気を引き締めてオルネッラの部屋に入り、花束をもらって花瓶にいける。
さすがいいとこの坊ちゃんはきちんと花束持ってきてえらいな。
しかも女子受けしそうな可愛い花々、色が統一されてるのを見ると、これがオルネッラの好きな色なのだろうか。
部屋の中がシンプルすぎて彼女の嗜好する色がわかりにくいな…答えは後でオリアーナにでもきこう。

「…変わらない」
「?」

考えてると、オルネッラを見下ろしながら、今まで見た事ない瞳をしてぽつりと彼が呟いた。
これだ、これ。
相手を想ってちょっと感傷的になってる感じ。
素晴らしい。

「最後に会ってから変わらない姿だと思ってな…」

彼の言葉に私も視線をさげる。
前は見ることがかなわなかったオルネッラの顔立ちをここにきてよく見ることができた。

この2ヶ月、魔法のコントロール力を鑑みてオルネッラにかける魔法をメディコのクラーレにお願いしていた。
その時も立ち会いはしたけど、近くに行かなかったのもあり、私にとってこれが事実上、はっきり初めてのお目通りということになる。

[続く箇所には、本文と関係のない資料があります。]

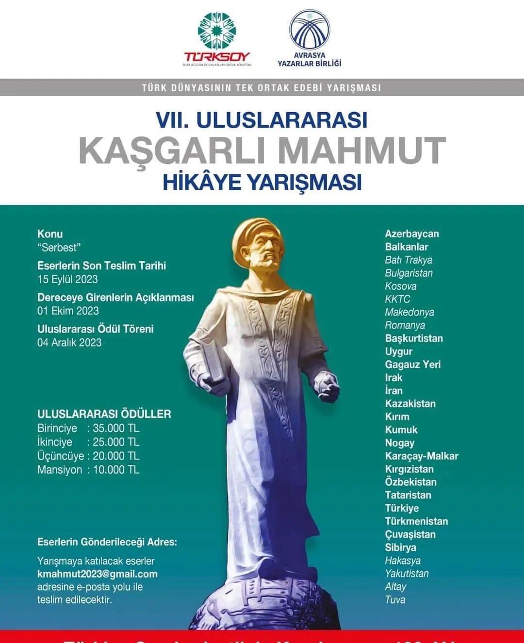 Devamını okuTürk Dünyasının Tek Ortak Edebi Yarışması Uluslararası Kaşgarlı Mahmut Hikaye Yarışması bu yıl Türkiye Cumhuriyeti'nin kuruluşunun 100. Yılı ve TÜRKSOY'un 30. Yılı Anısına düzenleniyor.

「チアキ、姉にかけている治癒の魔法には肉体の時を止める効果も付随しています」
「!?」

なんだその複雑そうなのは。
待て、時を止めているということは、10年老いていない…今のオリアーナと同じ年齢ということ?
確かに目が覚めれば10年前のオルネッラなのだから、肉体だけ時が進んでいても、中身と外見が相違する。
加え、そのまま時を止めているなら、筋肉が衰えて目覚めた後リハビリが必要になる事もなくなるのでは…後で複製本をよく読んでみよう。

「お花ありがとうございます」
「いや」

花瓶に活けた花をオルネッラの枕元のサイドテーブルに置く。
ひらりと花びらが1つ落ちてオルネッラの頬にとまった。
うわ、花びら添えるだけで美人度増すわ。
花びらを回収しようと手を伸ばし、ほんの少し指先が彼女に触れた。
その時。

「………っ」
「?」

真っ暗だ真っ暗。停電か何かで?

「……?……!」
「?」

音が遠い。暗い中、視界がぼんやりしている。

「………い、」
「?」
「…おい!どうした!?」
「……わあイケメェン」

急なブラックアウト。
そんなの初めての経験だったし、イケメンがこんな至近距離にあるのも初めての経験だった。
もうどっちに驚けばいいのやら。